Throughout her lively inquiry, packed with interesting real life case studies, Dickenson requires her readers to consider philosophers’ desire “to minimize the effects of chance on moral character and the rightness of ethical choices” (p 2), a desire so intense that it led Kant to proclaim that even if the good will was “…wholly lacking in power to accomplish its purposes … it would [still] sparkle like a jewel in its own right, as something that had full worth in itself” (p 2). Philosophers want to believe that human beings control their own destiny. Yet they fear that nothing is really in their own control, and that the foundation of morality—autonomy, choice, freedom—is illusory.
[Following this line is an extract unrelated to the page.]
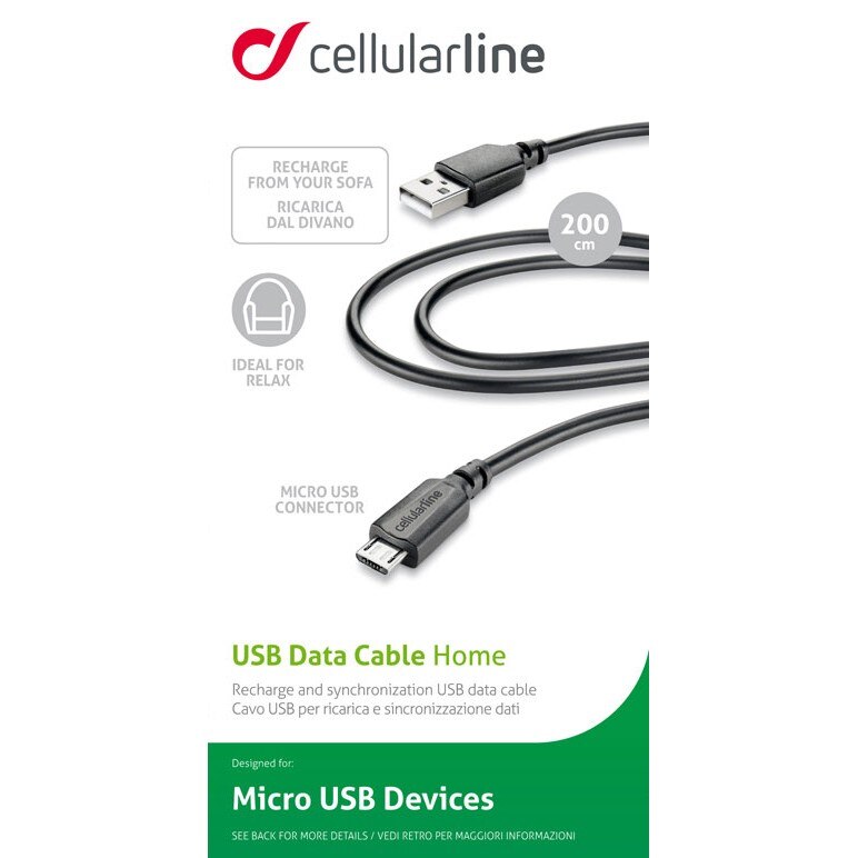 Кабел данни USB Cellular Line, micro USB, 2m, универсален

Dickenson claims that we can both acknowledge the role luck and risk play in our lives and maintain a robust Kantian sense of self (free, autonomous, and, above all, morally responsible) if we properly limit that for (Dickenson’s emphasis) which we are responsible (p 19). Moral agents are not responsible for all the outcomes of their actions, but only for some. Similarly, moral agents are not responsible for the way they initially find themselves in the world; but they are responsible (to a greater or lesser extent) for how they shape themselves and their larger environment. Like Kant, wise moral agents are proud to be persons who can make choices; but not so obsessed about doing the right thing that they fear doing anything at all.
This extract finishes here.